PHOTOS: Robert De Niro, Anne Hathaway Talk Bonding, Mentoring in Nancy Meyers’ ‘The Intern’

Robert De Niro and Anne Hathaway promoted their new film “The Intern,” along with director Nancy Meyers (“It’s Complicated”) recently at a press conference at the Crosby Street Hotel in SoHo.

De Niro’s hair was long and curly over his ears, not a very flattering look. He told me he grew it long for his role as disgraced financier Bernie Madoff in an upcoming HBO movie directed by Barry Levinson (Michelle Pfeiffer will play Ruth Madoff) that he’s shooting now in New York.

In this generation-gap fable, De Niro plays Ben Whittaker, a 70-year-old widower and once successful businessman who is bored with retirement and takes a senior internship at a Brooklyn online fashion site founded by Hathaway’s character, Jules, a driven entrepreneur with anxiety-inducing work and family pressures.

One of the pleasures of the film is watching De Niro’s low-key performance as the likeable Ben Whittaker, whose gopher-like duties include fetching coffee and chauffeuring Jules around in a town car. Ben bestows work-life guidance to Jules and everyone else in the office. “Love and work, work and love, that’s all there is,” is his mantra in the opening voiceover.

During the press conference, De Niro was asked if his computer skills were as lacking as Ben’s, and did he ever have a mentor? “I’m a little less technically challenged, but I’m not far behind,” he grinned. “I never had a mentor. I don’t envy (it), but I do think that it’s a great thing if you are lucky enough – especially if you’re in a certain untenable situation and you have a mentor who will change your life. They can do that. I mentored myself in a lot of ways.”
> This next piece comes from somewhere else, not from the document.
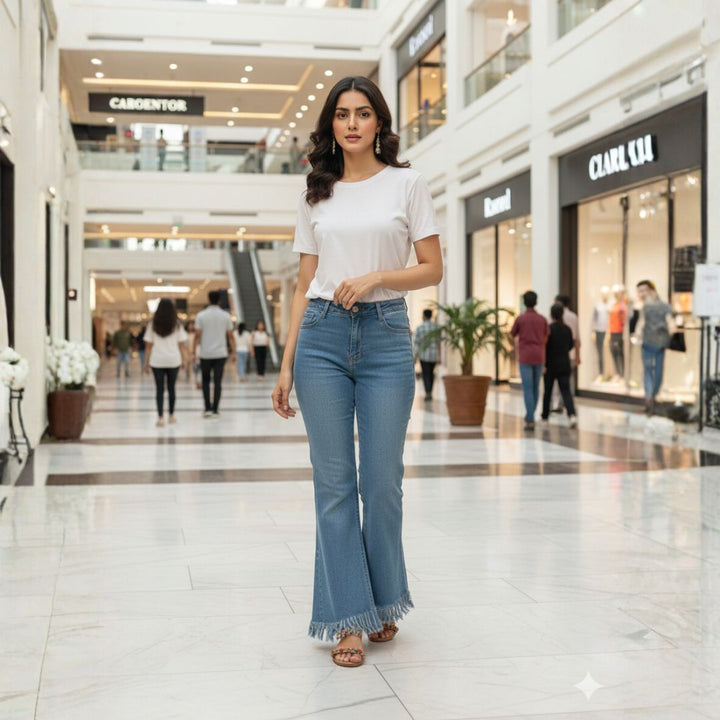 JN-0014 High-Rise Flared Fringe Hem Jeans

“But I think it’s a great thing, and I like to give advice to younger people if they ask me. At times, I’ve asked people who were further on in their careers, like Kazan or certain actors who were a generation ahead of me, I’d ask them questions about what to look out for because they’re experienced, because I want to take a short cut in some things,” De Niro said. “I don’t want to have to experience something if it’s going to be a negative one, or just get some words of advice. So I do that if they ask me. I don’t volunteer it, but I’m certainly there,” said the legendary actor. “I enjoy doing that.”
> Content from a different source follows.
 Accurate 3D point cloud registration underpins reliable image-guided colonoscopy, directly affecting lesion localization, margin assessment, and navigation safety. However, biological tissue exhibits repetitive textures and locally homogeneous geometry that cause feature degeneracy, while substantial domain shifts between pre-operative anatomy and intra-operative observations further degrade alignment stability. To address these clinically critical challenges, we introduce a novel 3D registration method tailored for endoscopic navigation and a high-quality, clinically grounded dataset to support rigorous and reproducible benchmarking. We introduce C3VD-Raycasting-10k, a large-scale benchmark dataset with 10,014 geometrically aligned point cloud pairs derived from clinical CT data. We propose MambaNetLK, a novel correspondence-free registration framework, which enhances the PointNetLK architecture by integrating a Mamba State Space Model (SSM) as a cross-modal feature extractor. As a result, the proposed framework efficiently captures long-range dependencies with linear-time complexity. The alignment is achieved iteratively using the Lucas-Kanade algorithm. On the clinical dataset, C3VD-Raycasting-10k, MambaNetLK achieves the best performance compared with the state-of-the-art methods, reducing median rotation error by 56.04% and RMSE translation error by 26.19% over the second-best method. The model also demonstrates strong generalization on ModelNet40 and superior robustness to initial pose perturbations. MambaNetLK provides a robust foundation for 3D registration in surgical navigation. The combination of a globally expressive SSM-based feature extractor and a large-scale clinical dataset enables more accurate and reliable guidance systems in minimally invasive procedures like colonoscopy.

A journalist commented on the great chemistry between the leads and asked what they did to create that dynamic.

“Bob and I did some extreme bonding at the Century 21 mall,” Hathaway cracked. De Niro laughed.

Hathaway added, “You know, that’s a funny thing, I just trusted everything would be ok. Bob’s an easy guy to get along with.”

She added,”Once I got over the fact that I couldn’t talk around him for the first three weeks – I just felt like an idiot at everything I said – and once I calmed down about that, I just trusted the words. Bob’s good at having chemistry with people, so I assumed that as long as I didn’t mess it up, we’d be okay.”

De Niro’s response to the chemistry question: “She just said it.”

Of the movie’s themes and timeliness, De Niro said, “We tend to sort of think people getting older, they’re kind of sidelined in a way, and the point is that Ben is someone very important if you stop and listen. He has advice that only somebody that’s been on the planet a lot longer can give, and it’s really that simple. So she gets that from me, my character, and I get certain things from her. I wish I’d said it more eloquently, but that’s it.”

To a question about angst and whether they still experienced it, De Niro replied, “As long as you’re alive you’re going to have anxiety about something. (But) the things that were important 15 or 20 years ago are less important today, because I know that I can get the same results,” he said. “It doesn’t warrant as much angst or anxiety about that.”

“He’s a really kind of Zen guy,” commented Meyers.

“Sometimes,” De Niro replied.

“He’s a Jedi,” said Hathaway.

Meyers recounted a set story about De Niro: “There’s a gazillion people running around, and he’s just sitting in a chair having a little tuna sandwich, on the phone. The world can be going by, he’s just got it down. He’s always there when you need him. And by the way, that really helped, I think, everybody in the movie, seeing that calmness.”

As to what the stars learned about themselves making the film, De Niro replied, “I don’t know if I learned anything about myself that I didn’t already know. It was a just a really terrific experience.”

Hathaway said that up to now, she’s made many movies out of “a place of insecurity and neurosis and self doubt,” and maybe “because of Bob’s Zen or what,” she “decided to make one from a more positive place and to feel good about what I’m doing and to embrace the unknown.”

She added, “I actually had a wonderful time making this movie, and I think it yielded a more relaxed performance. It turns out that you can make a movie without having nonstop sleepless nights.”

The movie premiered Monday night at the Ziegfeld Theater in Manhattan, with a glamorous after party at Tavern on the Green.